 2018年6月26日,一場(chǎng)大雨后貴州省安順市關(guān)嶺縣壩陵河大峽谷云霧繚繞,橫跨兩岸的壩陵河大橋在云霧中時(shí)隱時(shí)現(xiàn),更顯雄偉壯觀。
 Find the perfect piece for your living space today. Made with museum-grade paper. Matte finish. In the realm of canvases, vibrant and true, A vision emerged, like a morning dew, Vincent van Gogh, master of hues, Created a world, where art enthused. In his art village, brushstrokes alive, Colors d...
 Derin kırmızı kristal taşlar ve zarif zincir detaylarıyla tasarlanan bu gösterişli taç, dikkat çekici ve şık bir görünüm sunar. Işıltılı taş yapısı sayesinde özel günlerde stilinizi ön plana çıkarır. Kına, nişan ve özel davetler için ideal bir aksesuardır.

---

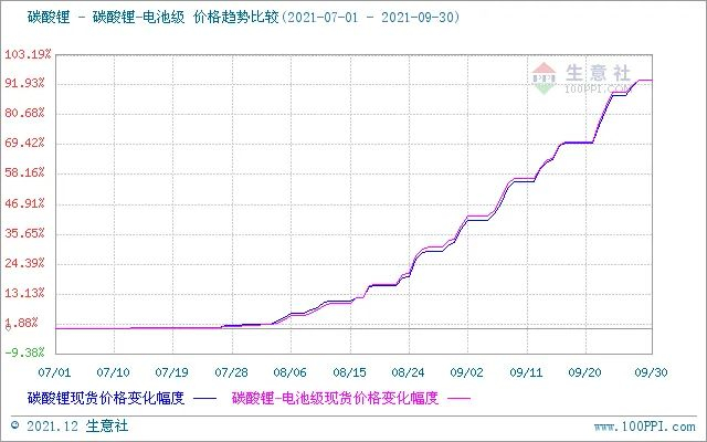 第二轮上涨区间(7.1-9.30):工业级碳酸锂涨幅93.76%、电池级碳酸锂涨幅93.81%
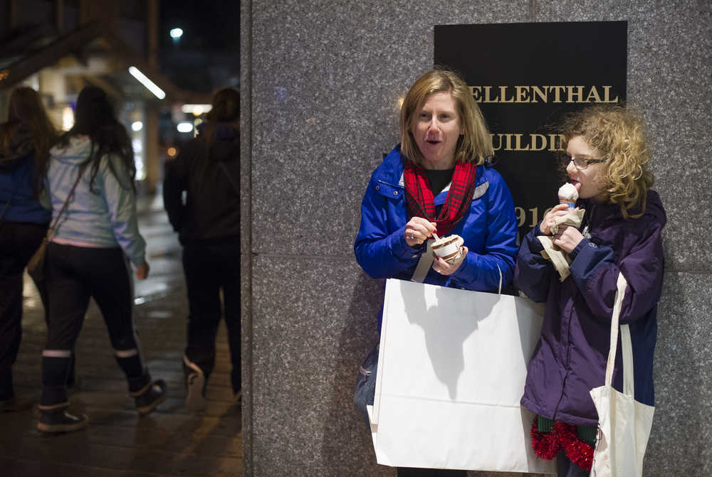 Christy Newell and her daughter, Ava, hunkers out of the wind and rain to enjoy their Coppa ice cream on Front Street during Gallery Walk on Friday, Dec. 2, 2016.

» **Problem to solve**: Copy out exactly the material that runs from the line with "第二轮上涨区间(7.1-9." to the line with "Christy Newell and", ends included, and leave the pictures behind.

» **Answer to the problem**:
 第二轮上涨区间(7.1-9.30):工业级碳酸锂涨幅93.76%、电池级碳酸锂涨幅93.81%
 Christy Newell and her daughter, Ava, hunkers out of the wind and rain to enjoy their Coppa ice cream on Front Street during Gallery Walk on Friday, Dec. 2, 2016.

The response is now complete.